** Opening INPUT MATERIAL block **

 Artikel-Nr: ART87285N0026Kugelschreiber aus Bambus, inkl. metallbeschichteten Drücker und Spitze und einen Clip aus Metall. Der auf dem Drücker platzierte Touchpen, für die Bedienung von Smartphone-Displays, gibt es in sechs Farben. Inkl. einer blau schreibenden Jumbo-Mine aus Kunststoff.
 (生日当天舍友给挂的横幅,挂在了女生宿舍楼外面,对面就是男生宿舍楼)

** Closing INPUT MATERIAL block **
** Opening INPUT MATERIAL block **

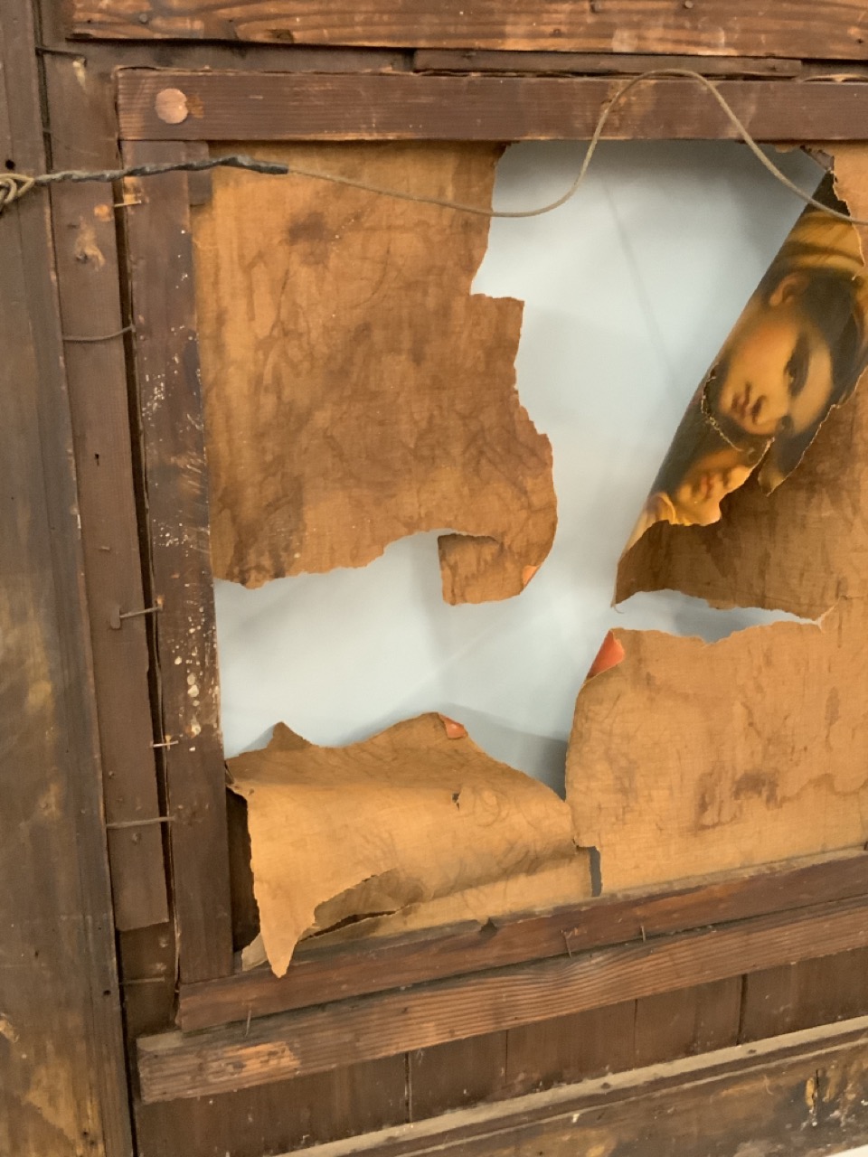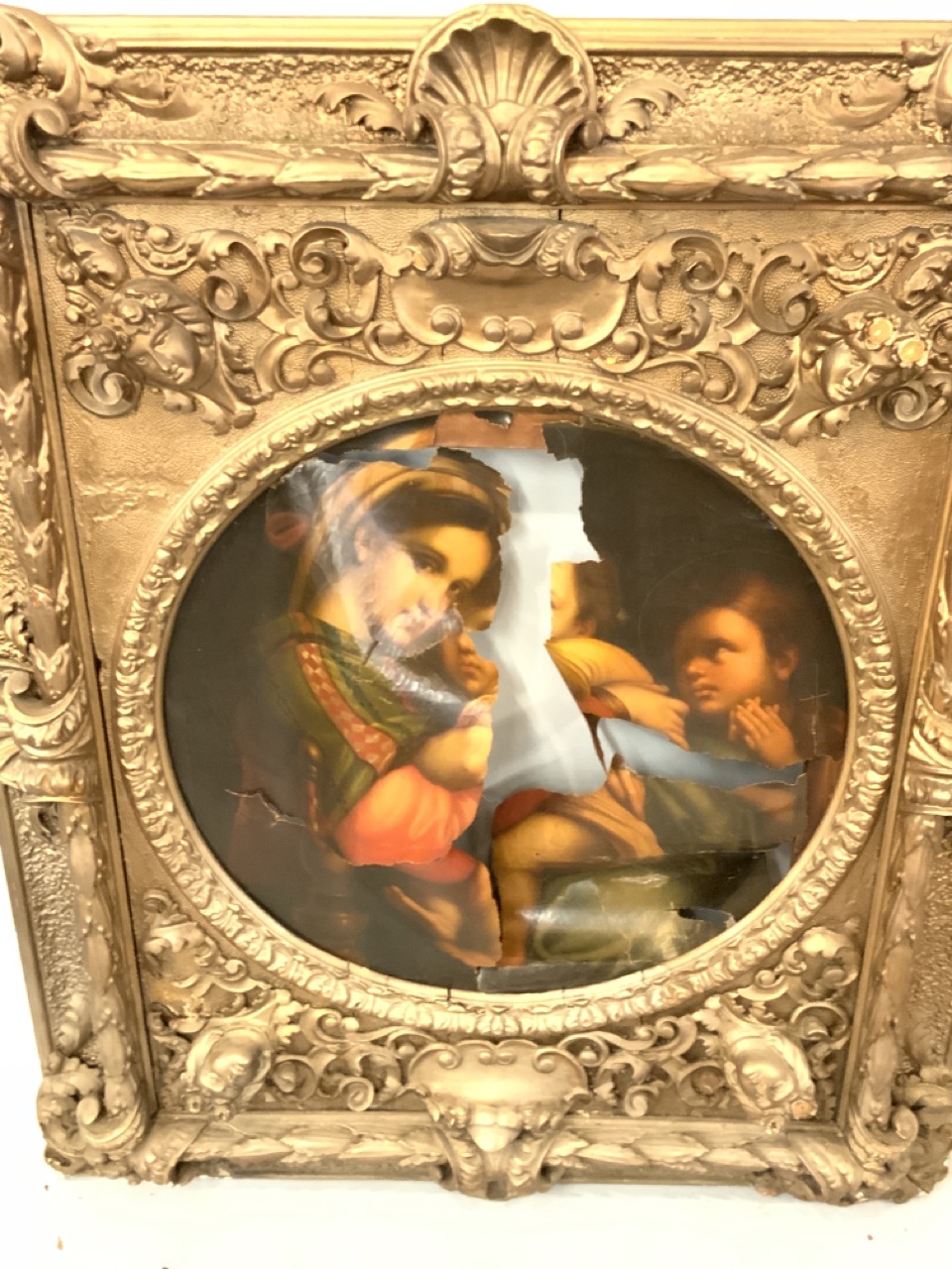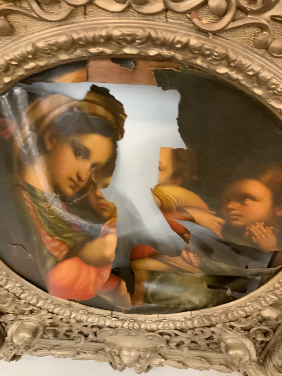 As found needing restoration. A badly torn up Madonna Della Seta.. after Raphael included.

** Closing INPUT MATERIAL block **

▶ TASK TO CARRY OUT:
Exactly the lines above from the one with "Artikel-Nr: ART87285N0026Kugelschreiber aus" to the one with "(生日当天舍友给挂的横幅,挂在了女生宿舍楼外面,对面就是男生宿舍楼)", both included, are to be quoted; leave the rest out.

▶ OUTPUT FOR THIS TASK:
 Artikel-Nr: ART87285N0026Kugelschreiber aus Bambus, inkl. metallbeschichteten Drücker und Spitze und einen Clip aus Metall. Der auf dem Drücker platzierte Touchpen, für die Bedienung von Smartphone-Displays, gibt es in sechs Farben. Inkl. einer blau schreibenden Jumbo-Mine aus Kunststoff.
 (生日当天舍友给挂的横幅,挂在了女生宿舍楼外面,对面就是男生宿舍楼)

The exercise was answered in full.